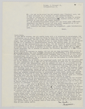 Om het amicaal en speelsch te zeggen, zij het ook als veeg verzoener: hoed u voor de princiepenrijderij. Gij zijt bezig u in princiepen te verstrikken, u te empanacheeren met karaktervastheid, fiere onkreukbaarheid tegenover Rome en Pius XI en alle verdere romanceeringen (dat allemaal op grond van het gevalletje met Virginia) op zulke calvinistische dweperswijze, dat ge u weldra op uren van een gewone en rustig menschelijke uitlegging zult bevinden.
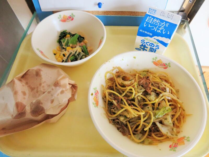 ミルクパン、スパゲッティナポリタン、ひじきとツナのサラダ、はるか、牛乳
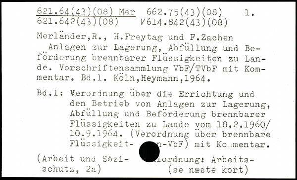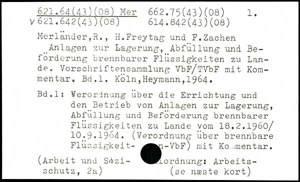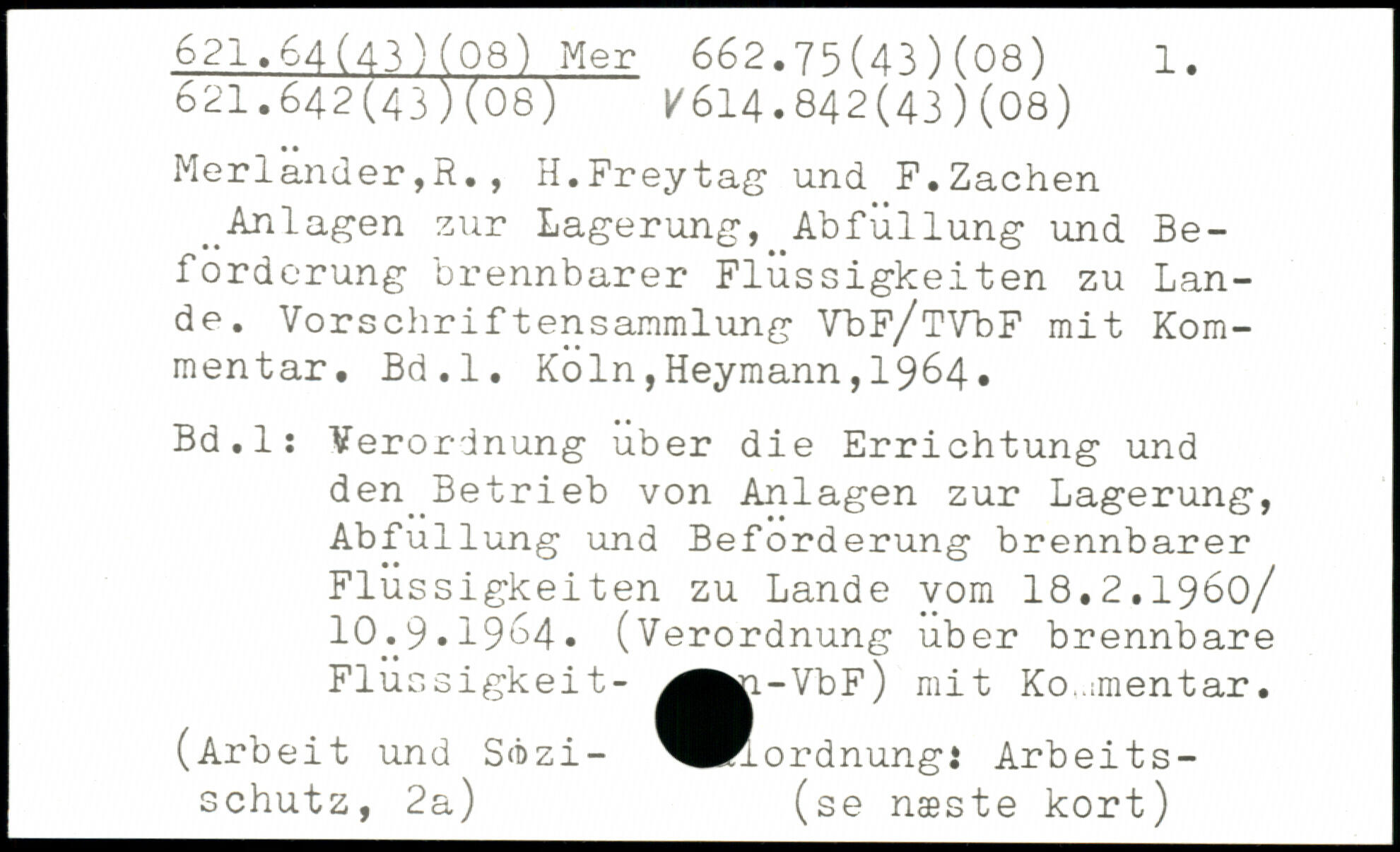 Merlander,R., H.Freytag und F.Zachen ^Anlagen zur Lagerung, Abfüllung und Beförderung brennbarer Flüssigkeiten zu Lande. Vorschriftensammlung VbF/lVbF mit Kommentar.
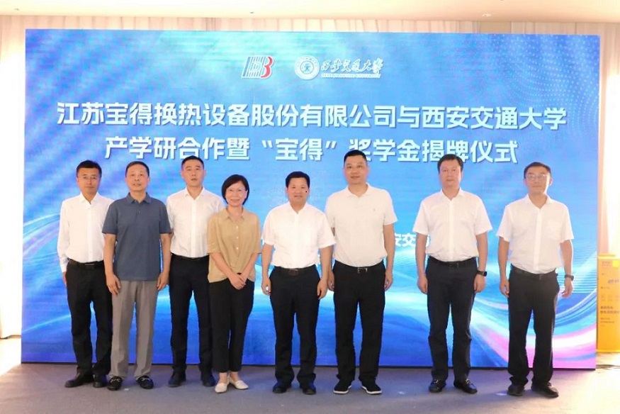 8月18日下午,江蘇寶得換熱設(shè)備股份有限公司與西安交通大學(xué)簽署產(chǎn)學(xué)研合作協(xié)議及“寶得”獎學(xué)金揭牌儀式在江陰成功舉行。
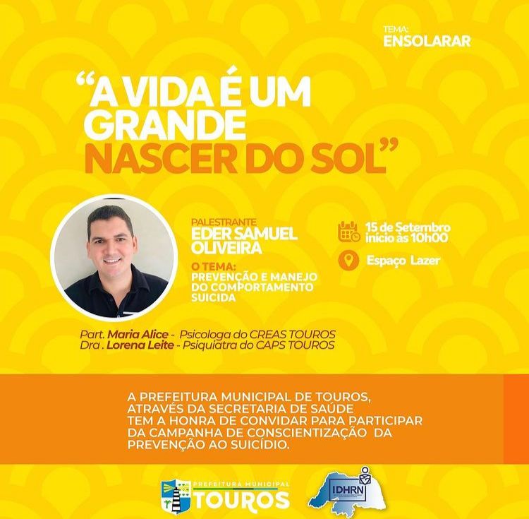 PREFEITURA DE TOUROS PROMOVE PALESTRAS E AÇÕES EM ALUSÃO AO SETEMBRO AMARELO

---

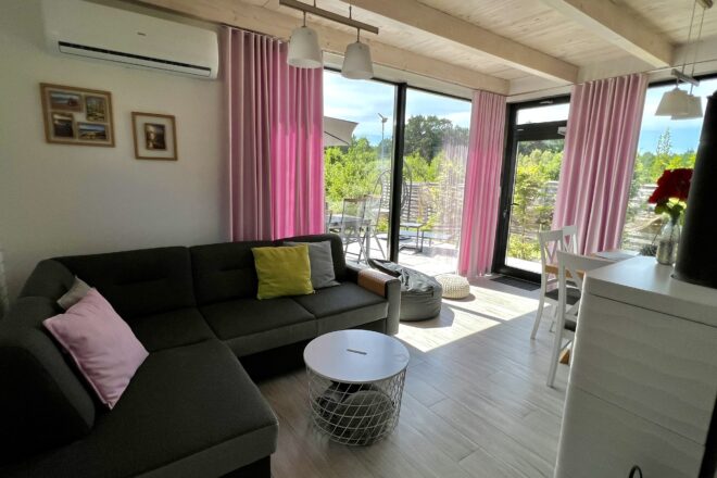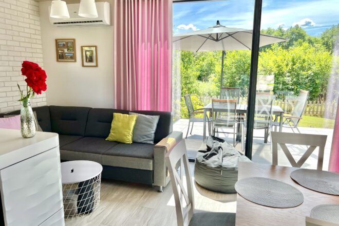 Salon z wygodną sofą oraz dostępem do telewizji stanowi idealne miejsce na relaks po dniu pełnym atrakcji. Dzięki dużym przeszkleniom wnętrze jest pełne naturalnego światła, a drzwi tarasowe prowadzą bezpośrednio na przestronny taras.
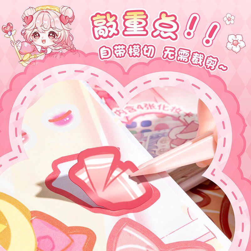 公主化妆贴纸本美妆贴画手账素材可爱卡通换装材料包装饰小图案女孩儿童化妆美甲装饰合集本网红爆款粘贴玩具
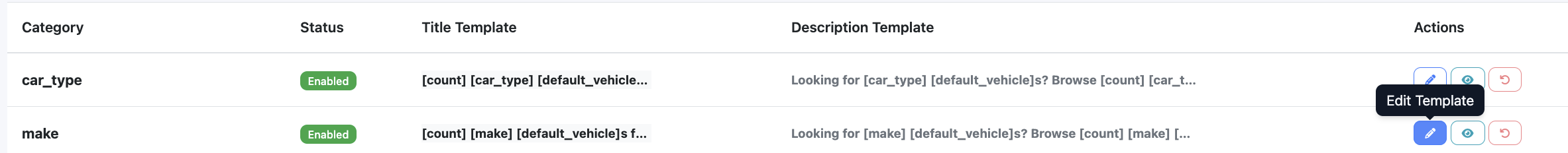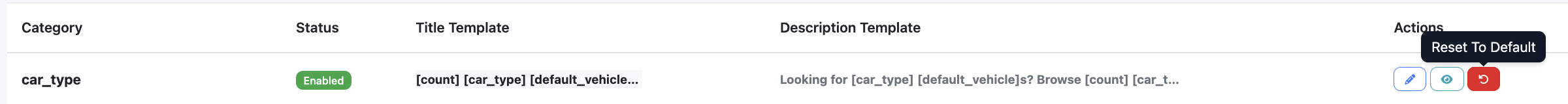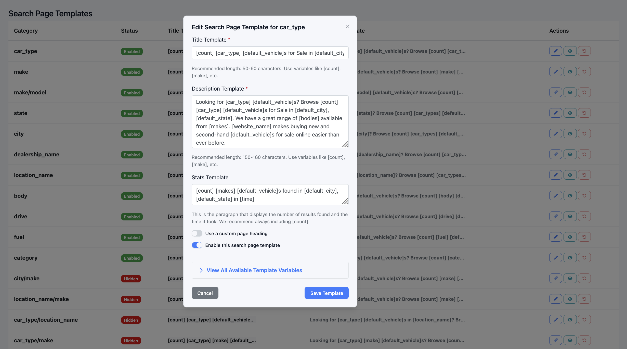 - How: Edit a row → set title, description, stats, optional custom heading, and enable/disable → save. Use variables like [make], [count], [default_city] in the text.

...

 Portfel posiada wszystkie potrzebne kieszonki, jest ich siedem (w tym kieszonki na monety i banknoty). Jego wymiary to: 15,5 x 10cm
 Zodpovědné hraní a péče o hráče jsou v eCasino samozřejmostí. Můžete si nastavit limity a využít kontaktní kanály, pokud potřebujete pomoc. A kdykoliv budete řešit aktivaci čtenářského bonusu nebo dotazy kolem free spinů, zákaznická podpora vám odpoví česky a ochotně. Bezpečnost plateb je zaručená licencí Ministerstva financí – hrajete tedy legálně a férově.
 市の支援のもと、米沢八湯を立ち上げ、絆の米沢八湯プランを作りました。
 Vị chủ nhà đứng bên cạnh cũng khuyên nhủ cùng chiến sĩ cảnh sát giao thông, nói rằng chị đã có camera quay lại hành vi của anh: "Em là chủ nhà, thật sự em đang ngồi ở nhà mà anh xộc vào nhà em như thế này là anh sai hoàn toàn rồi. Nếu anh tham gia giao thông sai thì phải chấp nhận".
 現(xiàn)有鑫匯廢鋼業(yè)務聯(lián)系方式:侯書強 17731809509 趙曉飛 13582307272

| Assignment |
Repeat exactly the lines above, from the line that contains "Salon z wygodną sofą" down through the line that contains "- How: Edit". Include both of those lines and none of the pictures.

| Solution to this exercise |
 Salon z wygodną sofą oraz dostępem do telewizji stanowi idealne miejsce na relaks po dniu pełnym atrakcji. Dzięki dużym przeszkleniom wnętrze jest pełne naturalnego światła, a drzwi tarasowe prowadzą bezpośrednio na przestronny taras.
 公主化妆贴纸本美妆贴画手账素材可爱卡通换装材料包装饰小图案女孩儿童化妆美甲装饰合集本网红爆款粘贴玩具
 - How: Edit a row → set title, description, stats, optional custom heading, and enable/disable → save. Use variables like [make], [count], [default_city] in the text.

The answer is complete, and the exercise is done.